▸ **DATA**

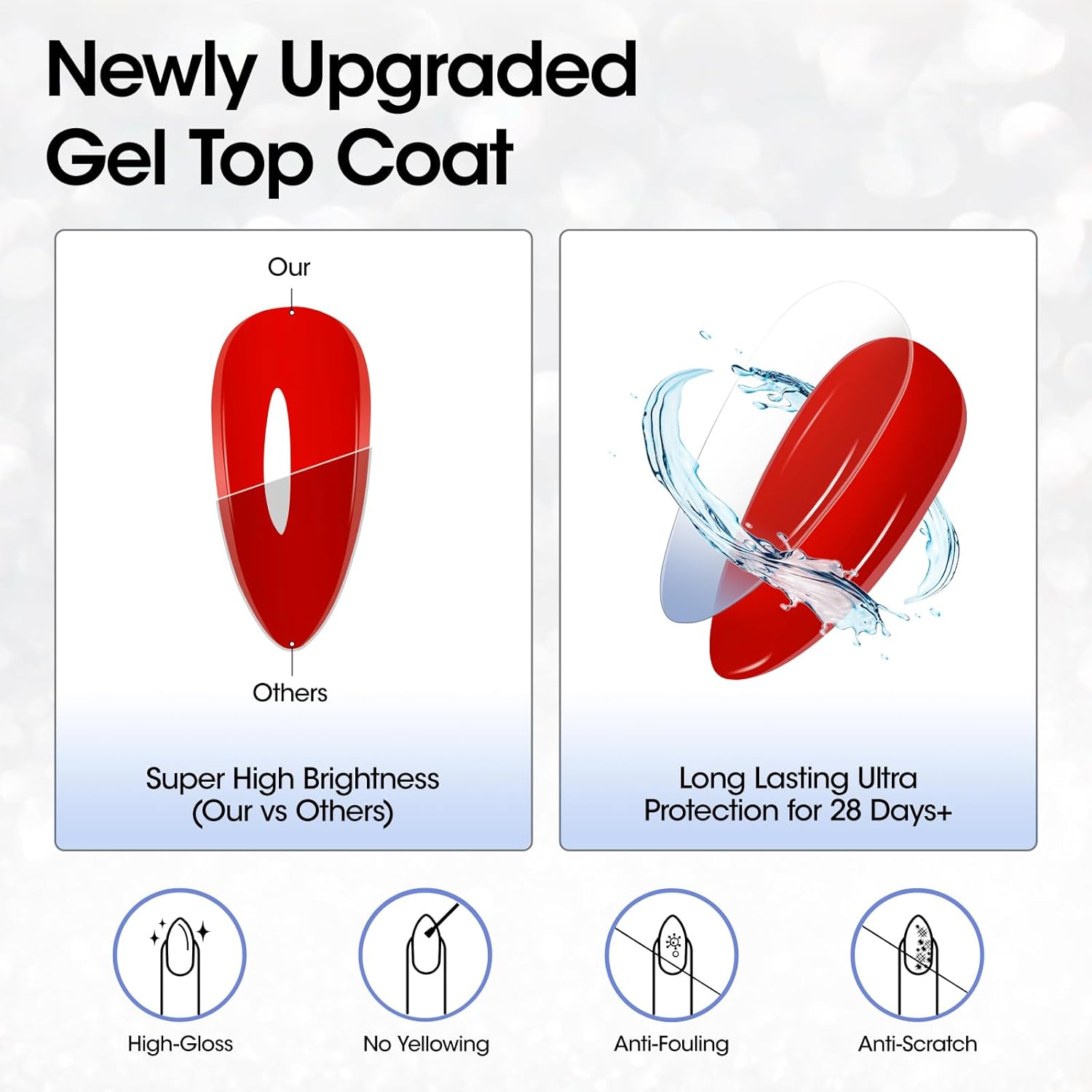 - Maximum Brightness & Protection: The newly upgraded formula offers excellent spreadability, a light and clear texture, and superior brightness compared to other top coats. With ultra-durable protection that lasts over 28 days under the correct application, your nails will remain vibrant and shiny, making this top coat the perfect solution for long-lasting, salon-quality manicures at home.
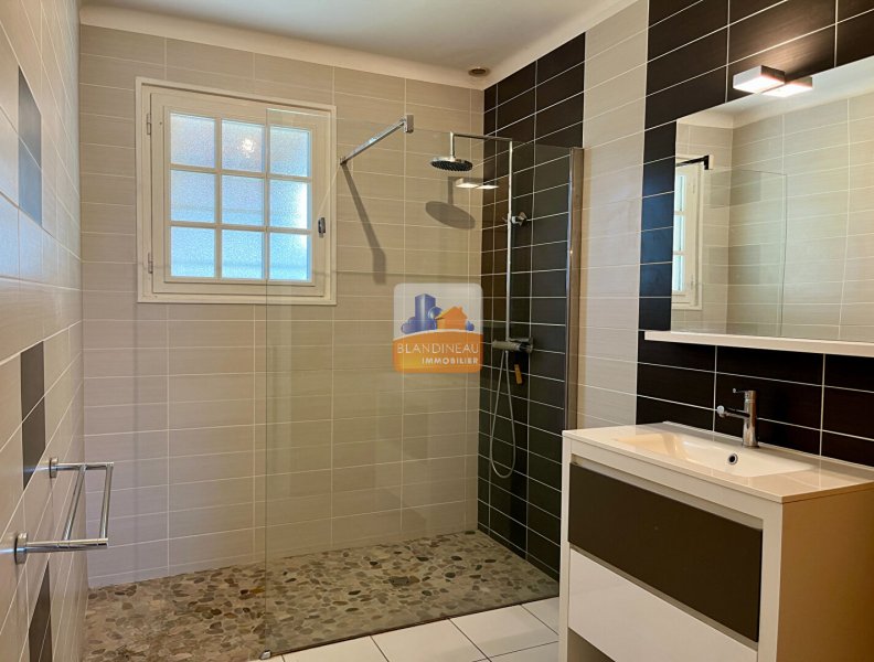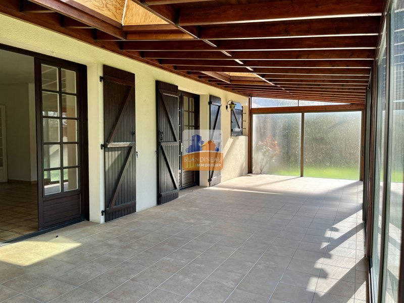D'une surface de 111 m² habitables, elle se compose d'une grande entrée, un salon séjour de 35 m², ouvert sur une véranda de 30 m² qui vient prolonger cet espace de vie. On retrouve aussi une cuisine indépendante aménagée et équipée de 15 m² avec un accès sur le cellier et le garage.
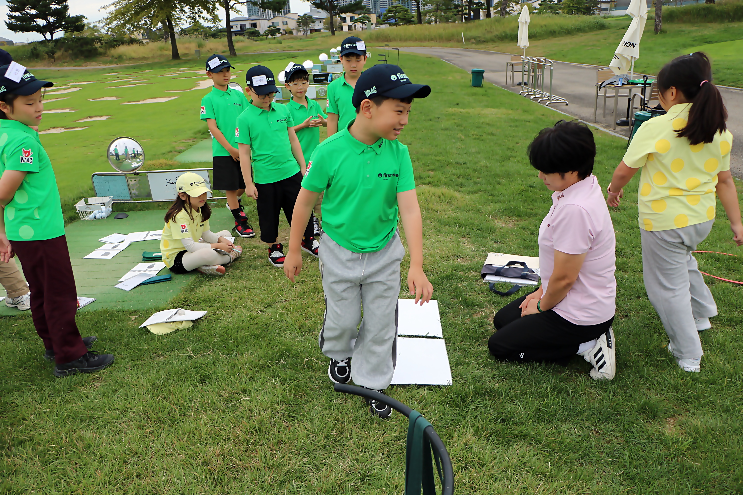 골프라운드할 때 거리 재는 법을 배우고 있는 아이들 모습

▸ **BRIEF**
The lines from the one with "D'une surface de" to the end of the data above should be retyped exactly, both ends included, and pictures are to be left out.

▸ **SOLVED PROBLEM**
D'une surface de 111 m² habitables, elle se compose d'une grande entrée, un salon séjour de 35 m², ouvert sur une véranda de 30 m² qui vient prolonger cet espace de vie. On retrouve aussi une cuisine indépendante aménagée et équipée de 15 m² avec un accès sur le cellier et le garage.
 골프라운드할 때 거리 재는 법을 배우고 있는 아이들 모습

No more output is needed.